> _MATERIAL PROVIDED_:
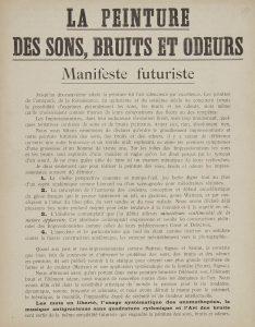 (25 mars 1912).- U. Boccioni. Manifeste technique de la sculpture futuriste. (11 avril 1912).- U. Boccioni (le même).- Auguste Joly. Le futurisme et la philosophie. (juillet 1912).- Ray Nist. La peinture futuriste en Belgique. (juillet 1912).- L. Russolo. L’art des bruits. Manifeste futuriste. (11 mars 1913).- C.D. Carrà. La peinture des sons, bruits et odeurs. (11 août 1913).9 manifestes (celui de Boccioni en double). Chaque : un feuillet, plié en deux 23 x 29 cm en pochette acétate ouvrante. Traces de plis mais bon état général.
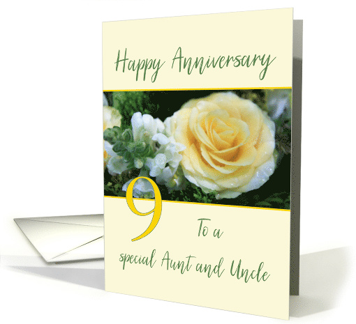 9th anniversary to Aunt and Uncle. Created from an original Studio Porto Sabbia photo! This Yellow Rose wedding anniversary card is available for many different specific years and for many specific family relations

---

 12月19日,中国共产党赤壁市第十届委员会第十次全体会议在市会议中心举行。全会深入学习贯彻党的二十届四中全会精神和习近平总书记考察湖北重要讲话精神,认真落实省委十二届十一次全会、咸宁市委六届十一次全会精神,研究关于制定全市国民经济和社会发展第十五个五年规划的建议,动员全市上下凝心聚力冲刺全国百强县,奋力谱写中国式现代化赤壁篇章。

--

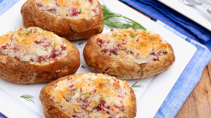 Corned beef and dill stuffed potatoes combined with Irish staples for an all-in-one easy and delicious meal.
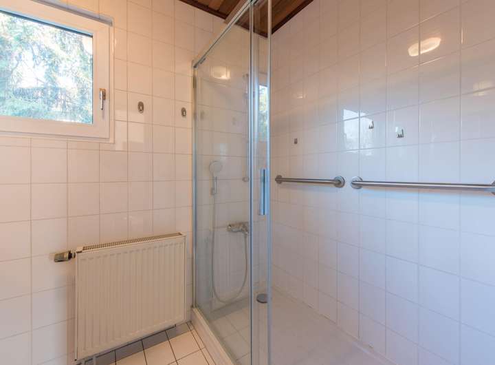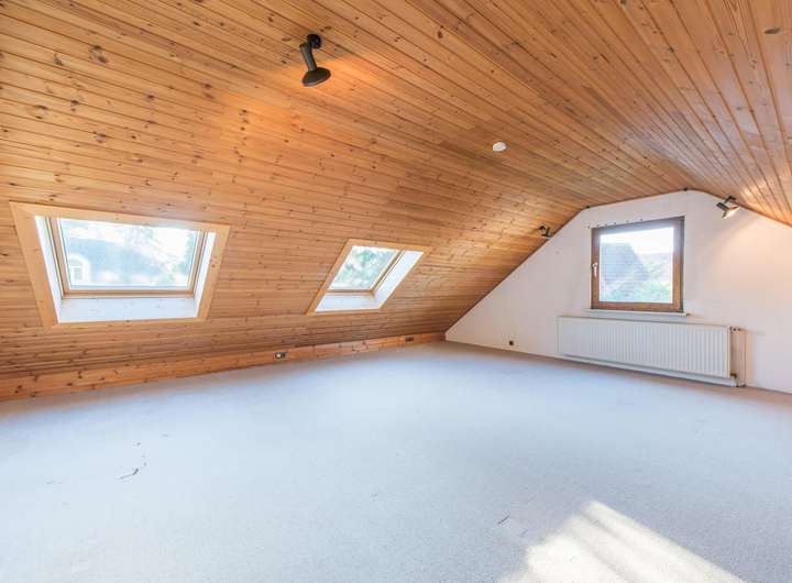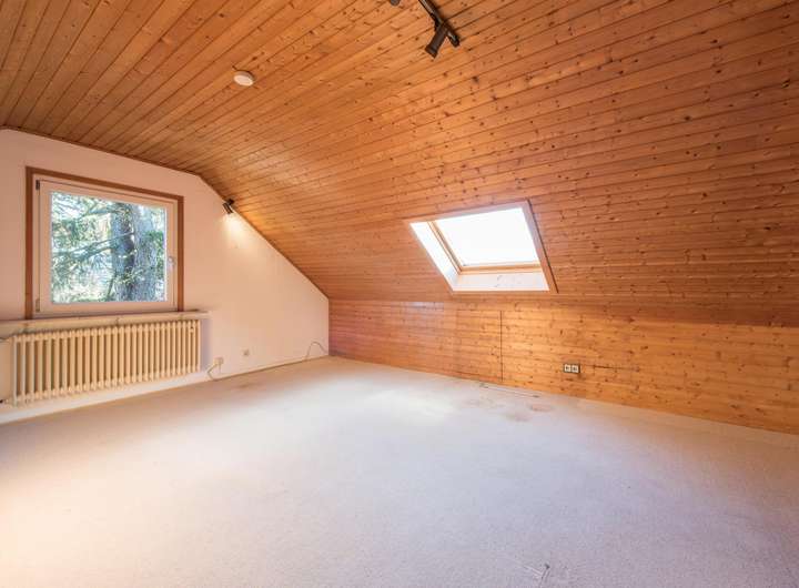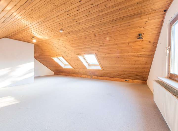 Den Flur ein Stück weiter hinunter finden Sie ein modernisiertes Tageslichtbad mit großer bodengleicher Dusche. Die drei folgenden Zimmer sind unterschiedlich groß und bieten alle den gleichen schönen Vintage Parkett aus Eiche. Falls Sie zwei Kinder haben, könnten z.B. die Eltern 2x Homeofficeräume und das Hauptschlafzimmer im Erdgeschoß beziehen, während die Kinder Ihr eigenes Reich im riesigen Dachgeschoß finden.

> _TASK TO CARRY OUT_:
Exactly the lines above from the one that contains "Corned beef and" down to the one that contains "Den Flur ein" are to be output, both ends kept and pictures omitted.

> _ANSWER SPACE_:
 Corned beef and dill stuffed potatoes combined with Irish staples for an all-in-one easy and delicious meal.
 Den Flur ein Stück weiter hinunter finden Sie ein modernisiertes Tageslichtbad mit großer bodengleicher Dusche. Die drei folgenden Zimmer sind unterschiedlich groß und bieten alle den gleichen schönen Vintage Parkett aus Eiche. Falls Sie zwei Kinder haben, könnten z.B. die Eltern 2x Homeofficeräume und das Hauptschlafzimmer im Erdgeschoß beziehen, während die Kinder Ihr eigenes Reich im riesigen Dachgeschoß finden.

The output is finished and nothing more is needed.